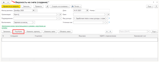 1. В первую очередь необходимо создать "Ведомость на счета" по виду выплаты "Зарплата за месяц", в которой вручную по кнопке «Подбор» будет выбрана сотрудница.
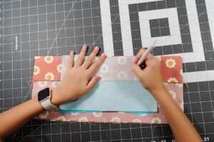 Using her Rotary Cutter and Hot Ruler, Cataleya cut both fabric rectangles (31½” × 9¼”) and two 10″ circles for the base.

...

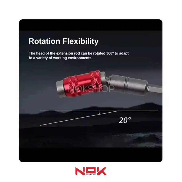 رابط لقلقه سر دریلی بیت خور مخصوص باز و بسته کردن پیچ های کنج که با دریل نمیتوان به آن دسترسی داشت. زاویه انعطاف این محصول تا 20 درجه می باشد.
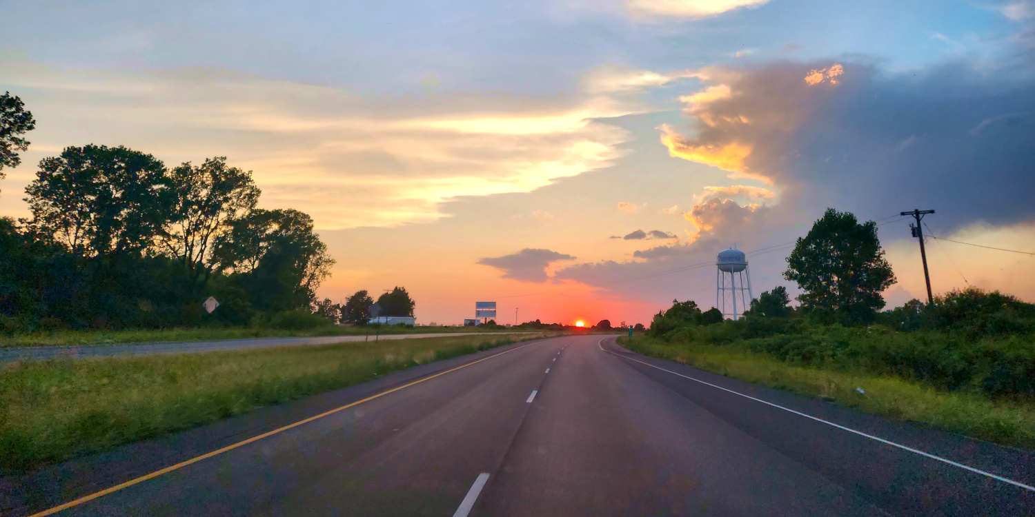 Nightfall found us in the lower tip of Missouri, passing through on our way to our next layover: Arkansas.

Exercise objective>
I'd like the lines above repeated exactly, from the one that contains "1. В первую" through the one that contains "Using her Rotary", with no pictures.

Result of this task>
 1. В первую очередь необходимо создать "Ведомость на счета" по виду выплаты "Зарплата за месяц", в которой вручную по кнопке «Подбор» будет выбрана сотрудница.
 Using her Rotary Cutter and Hot Ruler, Cataleya cut both fabric rectangles (31½” × 9¼”) and two 10″ circles for the base.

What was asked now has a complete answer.